Блондинка в голубом захохотала:
     - «Позвольте мне обнять своего друга, с которым надеюсь познакомить и вас, мадам, - сказал поручик Ржевский Наташе Ростовой, уходя за угол попи'сать».
     - Прелесть! – засмеялась брюнетка. – Ну, Нинель, ты в своём репертуаре! Давай, поручик, уже налито. А потом живо за своим другом!
     Чокнулись, но Фёдор Татьянович всё не спешил пить, почему-то оттягивал праздник. Девушки же залпом выпили и дружно закашлялись.
     Лица у них сморщились, рты скривились, носы хлюпнули.
     - Фирменный, - осторожно пояснил Фёдор Татьянович и уже хотел пить следом.

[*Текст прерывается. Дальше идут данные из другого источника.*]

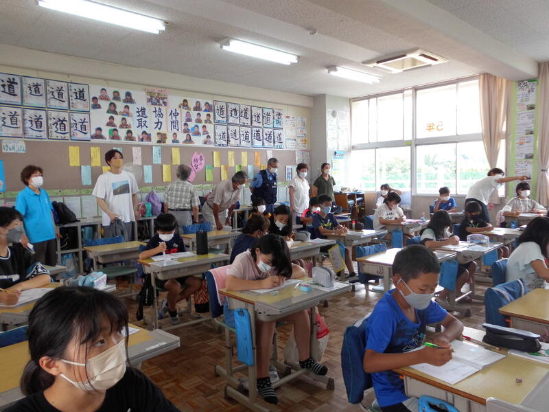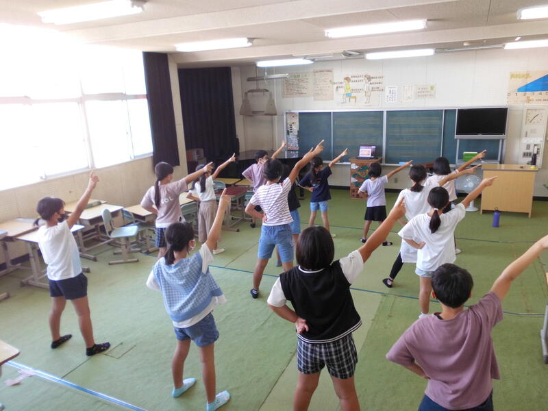 水泳時も暑さ対策で、「見学の児童は教室で自習(読書)しよう」「これから体育館で準備運動をしよう」など、対策を考えて取り組んでいます。

Но тут откашлялась блондинка в голубом.
     - Ты что-нибудь поняла, Юлька?
     - Я поняла, Нин. Кажется, нас хотят кинуть. Откуда ты взялся, халявщик? С неба упал? Видали мы таких, поручик. А не пошел бы ты вон!
     - Не, ну нету мужиков в этом городе! Думала, приезжий нормальный, а и тот ущербный. Что ты сюда намешал? В этой комнате - да, любят. Но только честных и щедрых! – блондинка в голубом отобрала у Фёдора Татьяновича его полную рюмку и уже хотела плеснуть ему в растерянное лицо, но в последний момент передумала и выплеснула в окно.
     Далее ничего не понимающего Фёдора Татьяновича вытолкали за дверь, всучив ему обратно его бутылки.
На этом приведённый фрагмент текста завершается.